The Production Linked Incentive (PLI) Scheme for pharmaceuticals has significantly reduced the cost of treating rare diseases in India, bringing expenses down from crores to just a few lakhs, said Amit Agrawal, Secretary, Department of Pharmaceuticals, Ministry of Chemicals and Fertilizers. 

Speaking at the Rare Diseases Conference 2025 held at the FICCI Auditorium, Agrawal highlighted that rare diseases were included as a focus area under the PLI Scheme, supporting eight drugs for rare conditions.

Among them, Eliglustat for Gaucher’s Disease has seen treatment costs fall from INR 1.8–3.6 crore annually to INR 3–6 lakh. Other supported medicines include Trientine for Wilson’s Disease, Nitisinone for Tyrosinemia Type 1, and Cannabidiol for Lennox–Gastaut Syndrome.

He noted that such tangible reductions in treatment costs demonstrate the transformative potential of targeted policy interventions.
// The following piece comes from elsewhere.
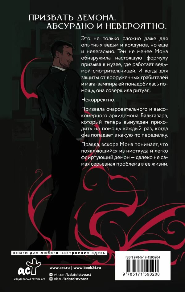 Призвать демона. Абсурднее просто некуда и невероятнее — тоже. Такое с трудом удавалось старым колдунам и ведьмам, имеющим опыт проведения ритуалов, и ко всему прочему это крайне нелегально. Да и кто стал бы выставлять настоящую формулу призыва? Тем не менее, Мона обнаружила ее в музее, где работает ведьмой-смотрительницей. И когда для защиты от вооруженных грабителей и мага-вампира ей понадобилась помощь, она совершила ритуал.Некорректно.Призвала очаровательного и высокомерного архидемона Бальтазара, который теперь вынужден приходить на помощь каждый раз, когда она попадает в какую-то переделку.Правда, вскоре Мона понимает, что появляющийся из ниоткуда и легко флиртующий демон — далеко не самая серьезная проблема в ее жизни.
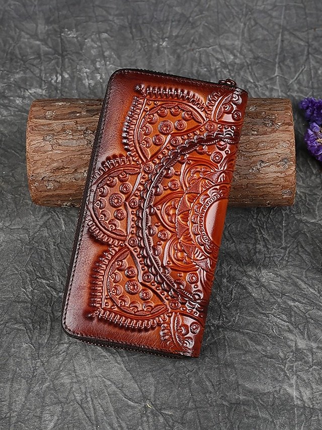 Handmade leather continental wallet with elegant mandala pattern

Agrawal commended the organisers for bringing focus to an issue of growing significance that has historically not received adequate attention. He underlined that although rare diseases may appear infrequent individually, collectively they affect nearly one in every twenty individuals—around 5 percent of the population—making them a major public health concern. He emphasised that the rare disease challenge should be seen through a human lens and as a question of inclusion, not merely a medical or technical problem.

Drawing on the Prime Minister’s inclusive vision for Divyangjan, the Secretary called for joint efforts from government, industry, academia, and civil society to address the multifaceted burden faced by patients and caregivers.

He also echoed the Prime Minister’s Independence Day address, which urged India to pioneer affordable medicines for global welfare. He recalled, “We are known as the pharmacy of the world, but isn’t it the need of the hour to invest in research and development? Shouldn’t we be the ones providing the best and most affordable medicines for the welfare of humanity?”

Agrawal further encouraged corporates to factor in rare disease patients under their CSR initiatives and patient assistance programmes, considering the heavy financial and emotional burden on affected families. He urged all stakeholders to evaluate their policies, regulations, funding models and programme designs through the lens of inclusivity, and suggested exploring special pathways or regulatory exemptions to address the unique needs of the rare disease community.

Concluding his address, Agrawal said he looked forward to the recommendations and policy insights emerging from the day’s deliberations and expressed interest in learning from global best practices to strengthen India’s policy framework for rare diseases.